Print all of the data below exactly as it appears, leaving out every image.

§ DATA SEGMENT
◇ ◇ ◇ ◇ ◇

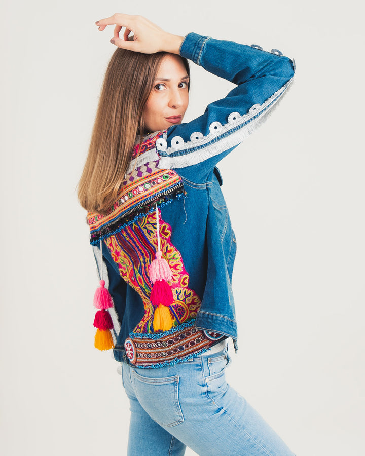 The intricate details and bold colours of the Zellige denim jacket seamlessly blend the polar cultural aesthetics, creating a captivating and harmonious synthesis of style. The popping colours evident in the details and tassels in combination with the white statement addition render this fusion denim jacket a top-notch fashion composition.
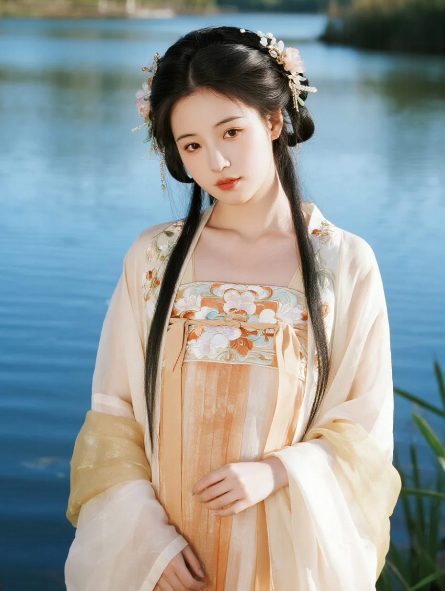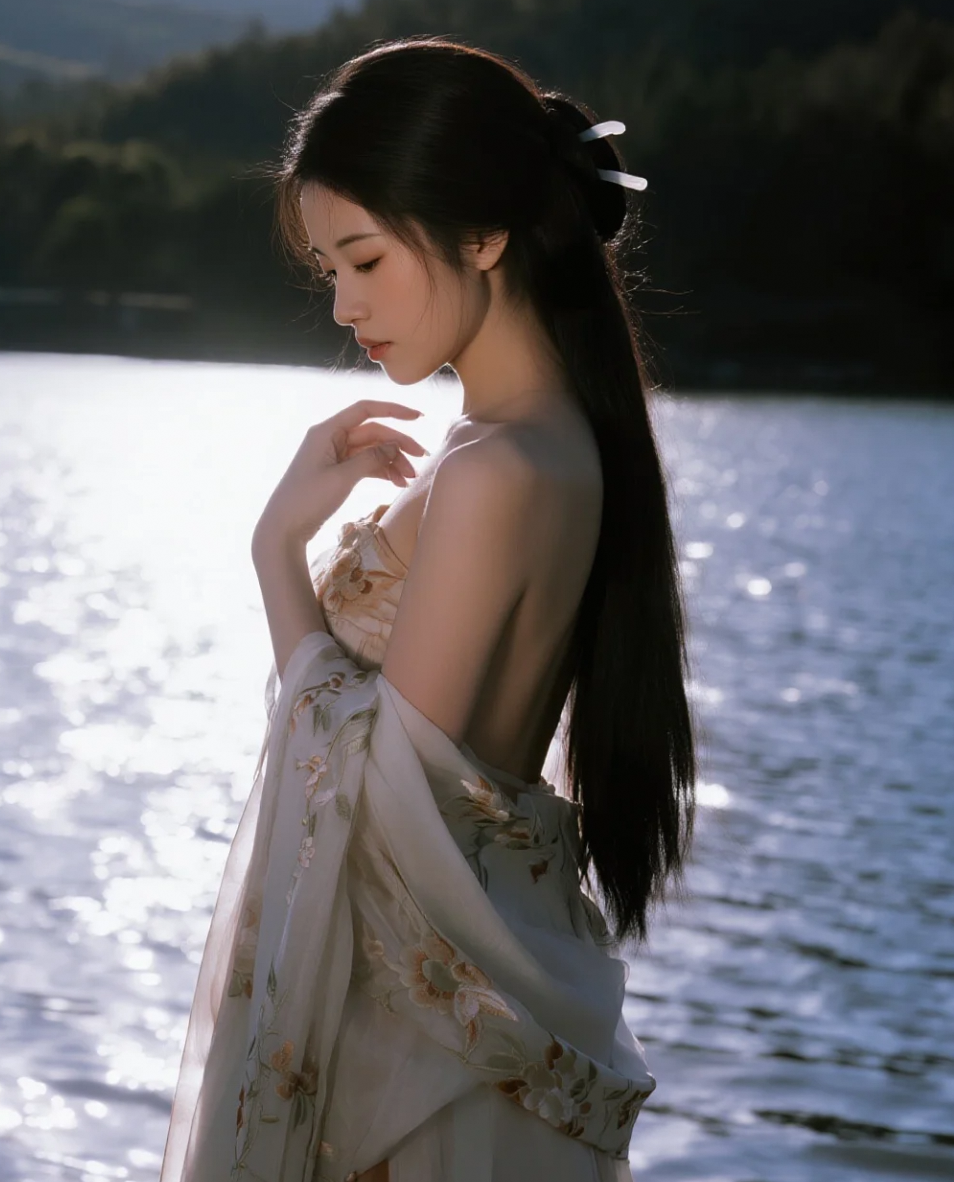 波光粼粼闪烁,映照她内心澄澈的喜悦
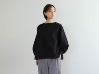 鎖骨が出るか出ないかの程よいボートネックなので、長めのネックレスとも相性抜群。

◇ ◇ ◇ ◇ ◇

§ EXERCISE SOLUTION
 The intricate details and bold colours of the Zellige denim jacket seamlessly blend the polar cultural aesthetics, creating a captivating and harmonious synthesis of style. The popping colours evident in the details and tassels in combination with the white statement addition render this fusion denim jacket a top-notch fashion composition.
 波光粼粼闪烁,映照她内心澄澈的喜悦
 鎖骨が出るか出ないかの程よいボートネックなので、長めのネックレスとも相性抜群。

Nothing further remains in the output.